やがて私は“彼”になる
決められた運命。プログラムされた世界。
それを、あなたは信じますか――?
いつからだろう、いつからだ。もうそれを思い出すことはできない。
この世界は、いや、少なくとも自分の周りは、“決められた通り”に進んでいる。
毎日夜、就寝前、私はニュースをチェックする。
今日どんなことが起きたのか。私の知らないところでどんなことが話題になっているのか。それを見ることは自分と世界を切り離して考える素になるし、明日の話題の種にもなる。

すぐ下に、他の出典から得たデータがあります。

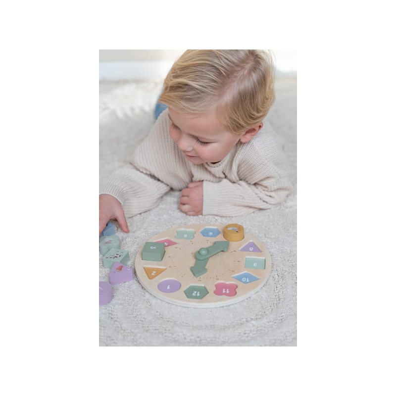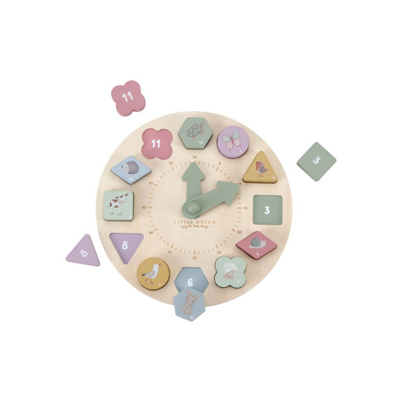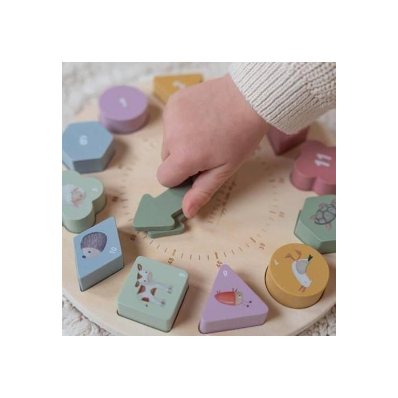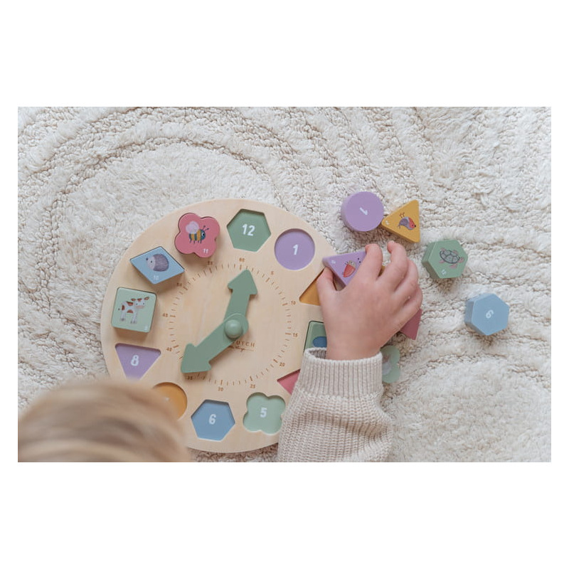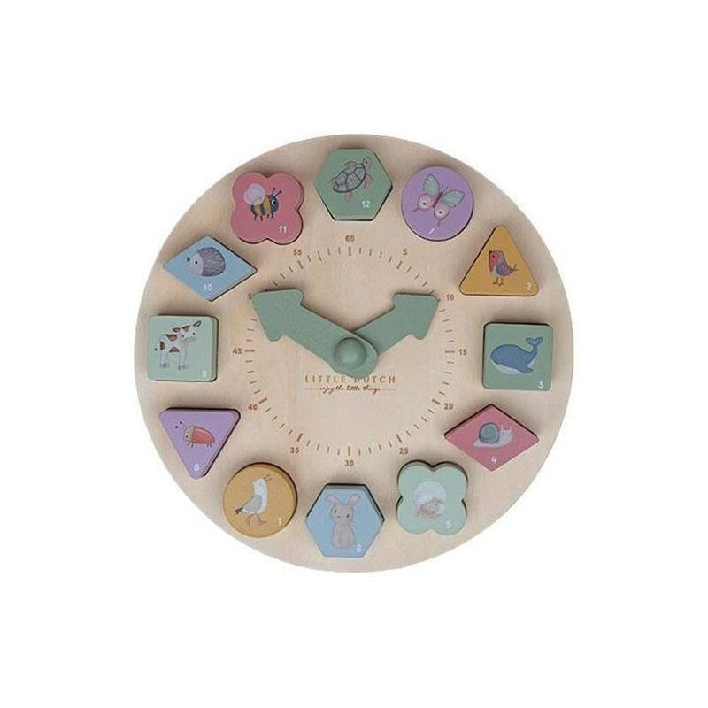 Drewniany zegar do nauki czasu to świetna zabawa i nauka w jednym. Zegar posiada ruchome wskazówki i zawiera 12 kostek liczbowych o różnych kształtach, które mieszczą się w dopasowanych przegródkach na tarczy.

実際そんな出来事などなかったかのように毎日は淡々と過ぎてしまうのだが、それでも自分と関係のないどこかの世界の何かを、知っていたい。それは心の平穏にもなる。遠い世界の出来事だからこそ、冷静に捉えられるということがある。
ところが、そこにときどき“異物”が混ざる。
これはどこの世界だろう、と開いたニュースが、まさに自分のいる世界だったとき。
いや、自分のいる世界のことを異物というのはおかしいが。
遠い世界のことを報じていたニュースが、急に自分の隣に来る。それはまさしく“混ざったもの”に見えた。
これは異物だ。
何事もなかったかのように見ていた隣の席の子が話題になっている。
ニュースに名前は出ていないが、その行動、特徴、今日見た彼女に間違いない。
いや、同じような他の人だろうか。
いや、いや、いや。私は動悸を抑えようとする。
よく見ろ。どこか違う情報があるはずだ。
これが彼女じゃないという証拠が。どこかに。
ない。
しかし、彼女の動作を見ていたとき、記者がいただろうか?
ここに書いてある○△新聞。
報道陣が入るなどとは聞いていない。周りにいたのは、よく知った人ばかりだ。
そうら見ろ、このニュースはどこか別の場所の話だ。
そう思って過ごしている。実は、毎日。
毎日近くの出来事と同じことを報じるニュースがある。
今日の時間は、彼女の動きから4時間後くらい。
徐々に、その報道までの時間は短くなっている。